--- INFORMATION PROVIDED ---
/---
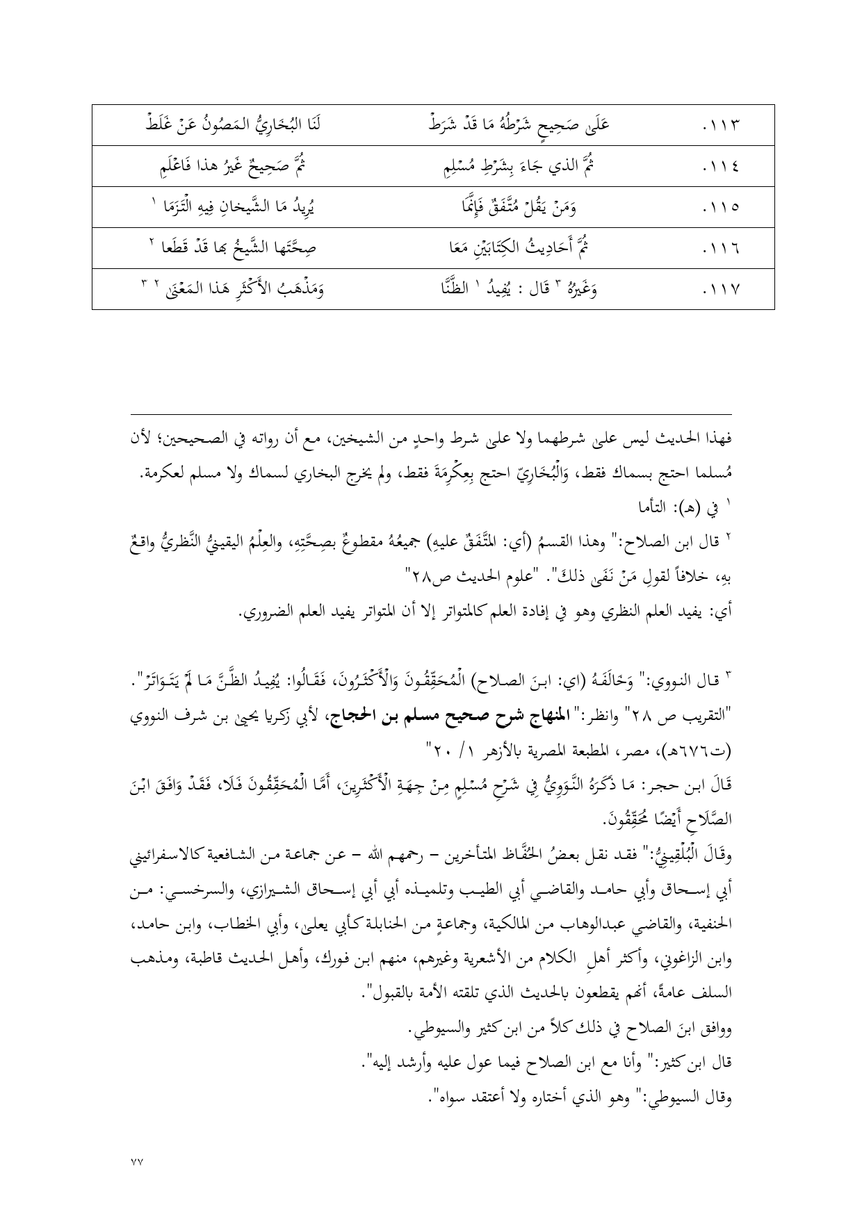 (¬3) قال النووي: " وَخَالَفَهُ (اي: ابنَ الصلاح) الْمُحَقِّقُونَ وَالْأَكْثَرُونَ، فَقَالُوا: يُفِيدُ الظَّنَّ مَا لَمْ يَتَوَاتَرْ". "التقريب ص 28" وانظر: " المنهاج شرح صحيح مسلم بن الحجاج، لأبي زكريا يحيى بن شرف النووي (ت 676 هـ)، مصر، المطبعة المصرية بالأزهر 1/ 20"
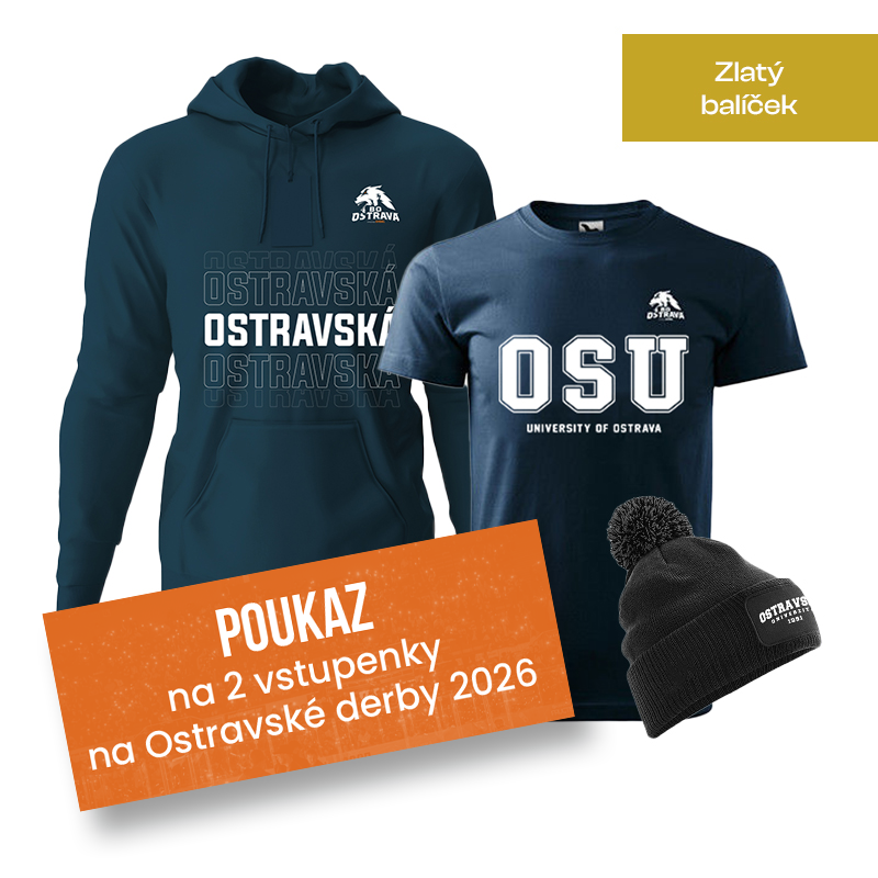 Balíček obsahuje: Mikina Ostravská, Tričko OSU, Kulich a 2x vstupenku na Ostravské hokejové derby 2026. Původní cena: 1 600,-
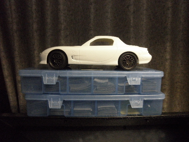 前後ともタイヤを取り付けたら(タイヤは接着が完全になってから取り付けます)、ボディをシャーシにかぶせて、ボディが変に傾いていないかをチェックします。
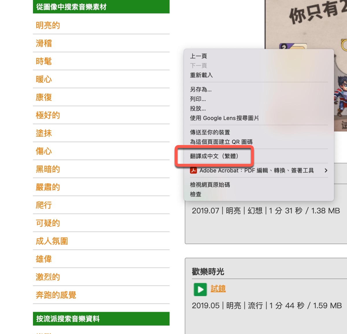 網站的日文如果看不懂,就多多利用瀏覽器的翻譯功能,像 Chrome 就可以直接右鍵翻譯,大概都可以看懂個八成,裡面目前原創超過 500 首音樂,全部都是站長自創且免費公開分享,大家如果有使用到也可以多推薦給朋友們。
\---
--- THE TASK ---
The whole listing is to be retyped exactly, with its pictures removed.

--- WRITTEN ANSWER ---
 (¬3) قال النووي: " وَخَالَفَهُ (اي: ابنَ الصلاح) الْمُحَقِّقُونَ وَالْأَكْثَرُونَ، فَقَالُوا: يُفِيدُ الظَّنَّ مَا لَمْ يَتَوَاتَرْ". "التقريب ص 28" وانظر: " المنهاج شرح صحيح مسلم بن الحجاج، لأبي زكريا يحيى بن شرف النووي (ت 676 هـ)، مصر، المطبعة المصرية بالأزهر 1/ 20"
 Balíček obsahuje: Mikina Ostravská, Tričko OSU, Kulich a 2x vstupenku na Ostravské hokejové derby 2026. Původní cena: 1 600,-
 前後ともタイヤを取り付けたら(タイヤは接着が完全になってから取り付けます)、ボディをシャーシにかぶせて、ボディが変に傾いていないかをチェックします。
 網站的日文如果看不懂,就多多利用瀏覽器的翻譯功能,像 Chrome 就可以直接右鍵翻譯,大概都可以看懂個八成,裡面目前原創超過 500 首音樂,全部都是站長自創且免費公開分享,大家如果有使用到也可以多推薦給朋友們。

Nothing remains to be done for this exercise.